Absolutely-their gear is unparalelled. People who really need to keep warm and dry in the most unhospitable places on the planet buy from wiggys.


----------



## Henrik RS (Jan 10, 2006)

I have had my beaufort for five years now. I often wonder how I was able to survive for 25 years without it. Don't hesitate - it's the best investment you could possibly do. (Besides, they aren't that expensive, at least not compared to other quality outerwear).


----------



## JMH (May 2, 2006)

Is it the consensus of forum members that the Beaufort is the Barbour model to own? 

And to purchase it in a smaller size than customary jacket size?


----------



## Artisan Fan (Jul 21, 2006)

I love Barbours but I found something better albeit pricier - the Loro Piana Horsey jacket.

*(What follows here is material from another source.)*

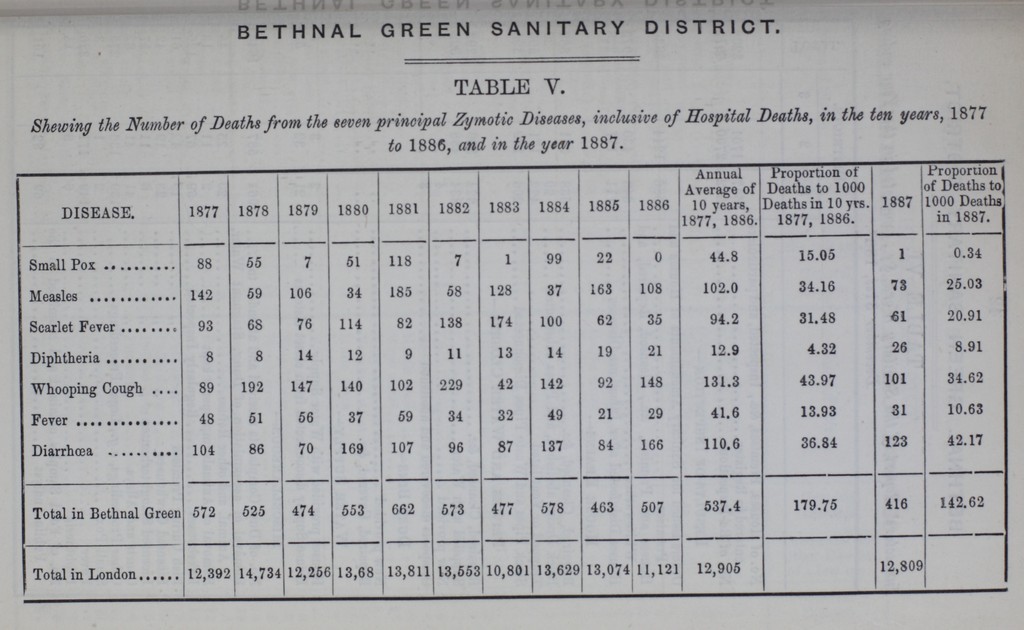 Credit: [Report of the Medical Officer of Health for Bethnal Green]. Source: Wellcome Collection.

It repels rain perfectly and folds up tightly for travel. Very stylish and well made. I've had mine for six years.


----------



## Gurdon (Feb 7, 2005)

*I like Barbour jackets*

I have several Barbours; a Border, Durham, Commando, International, and an equestrian model, now discontinued. I also have a waxed Filson jacket which I bought with a heavy liner for a winter trip to Europe. (Come to think of it, I bought the Durham for a fall trip to the UK a few years ago.)

The Barbours are ideal for California winters. We do get rain, and on the Northwest Coast it is cold in winter. I wore both Durham and Border to work over suits, as well as the longer coat during rain storms.

I don't think Barbours would be practical in Chicago or Oslo winters, but elsewhere, except in very cold weather, they work fine. But then, one wants an opportunity to buy an elegant European topcoat for really cold places.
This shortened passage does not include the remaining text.